Assignment = Copy exactly the stretch of lines from the one holding "Do zestawu gitary" through the last line of the data below, inclusive. Leave out pictures.

START Exercise data

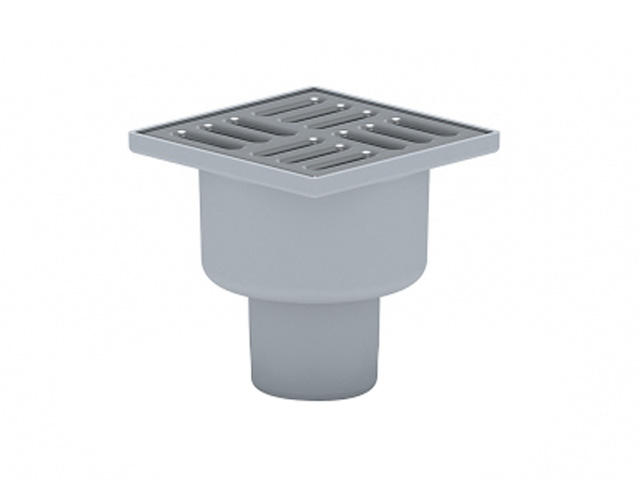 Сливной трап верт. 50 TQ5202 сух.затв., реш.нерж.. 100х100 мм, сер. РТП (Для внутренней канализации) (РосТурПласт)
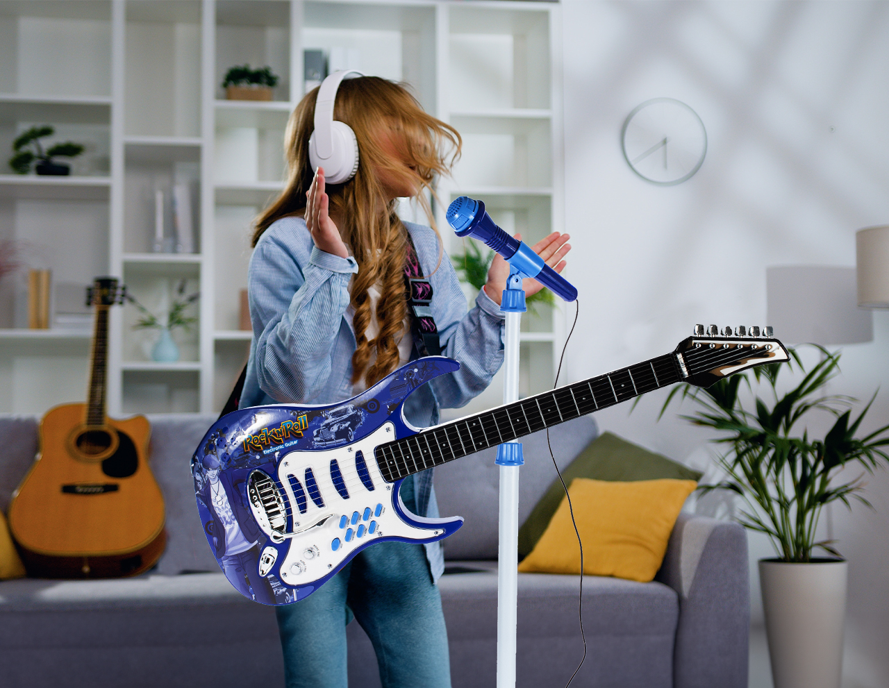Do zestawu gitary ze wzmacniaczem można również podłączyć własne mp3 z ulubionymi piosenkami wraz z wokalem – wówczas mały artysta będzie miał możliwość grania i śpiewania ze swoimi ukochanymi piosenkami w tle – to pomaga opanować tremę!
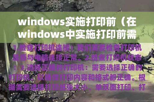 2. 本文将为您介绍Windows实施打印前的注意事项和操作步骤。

END Exercise data

Your solution =
Do zestawu gitary ze wzmacniaczem można również podłączyć własne mp3 z ulubionymi piosenkami wraz z wokalem – wówczas mały artysta będzie miał możliwość grania i śpiewania ze swoimi ukochanymi piosenkami w tle – to pomaga opanować tremę!
 2. 本文将为您介绍Windows实施打印前的注意事项和操作步骤。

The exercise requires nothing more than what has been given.